We exist in a universe that is always 'in process'.
Even if some operations 'halt', the essential nature
of co-present simultaneous systems is that dynamics
are so 'on-going' that the main priority is on
re-enacted/re-established/re-initiated actions.
No systems are 'pure isolates' .. there are always
and importantly: relationships of context, continuity,
and recursion.
Placing the Turing or Church or any other devised
'closed conditioned system' on the table of evaluation,
is to miss THE critical group of parameters, that no
'idealized' parameters group includes.
Current closed-set evaluations are fundamentally:
utilitarian, task-oriented, single assignments/missions.

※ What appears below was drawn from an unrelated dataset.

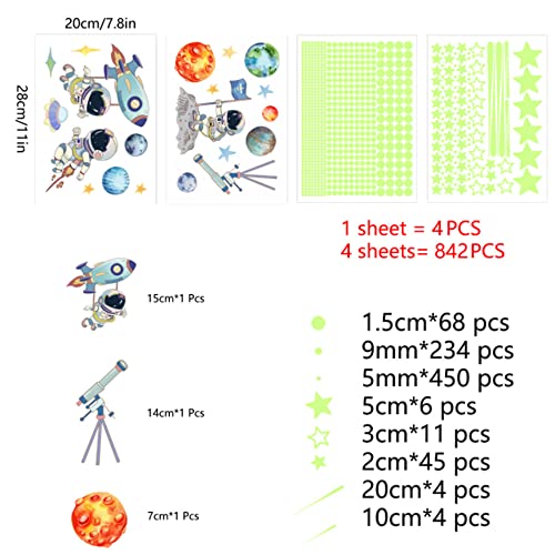 Multi stili: tutti gli 842 pezzi in un unico pacchetto. Stelle luminose autoadesive di alta qualità, astronauti, razzi e pianeti, stelle, meteore. Bellissimi adesivi murali pianeta stelle luminose autoadesive creano un'atmosfera misteriosa dello spazio.

But the statespace of the universe is open, relative,
re-accessible, and re-instantiable .. WITH .. all
systems being vulnerable to correlary/additional
instructions.
It makes no nevermind if a system or computation
'halts' or not.
The crucial things is whether 1) if a computation
halts .. what are the conditions for re-instantiation?,
and 2) if it never self-halts .. then what parameters
are present to induce halting? (a) sufficient utility of
incomplete data, (b) eradication due to untimely utility,
(c) exhaustion of operational resources, (d)
You see Bruno, mathematics carries a self-blinding
presumption: Perfect universal information distribution/access.
"Sequential operations" functions are an attempt to
evaluate non-instantaneous information processing.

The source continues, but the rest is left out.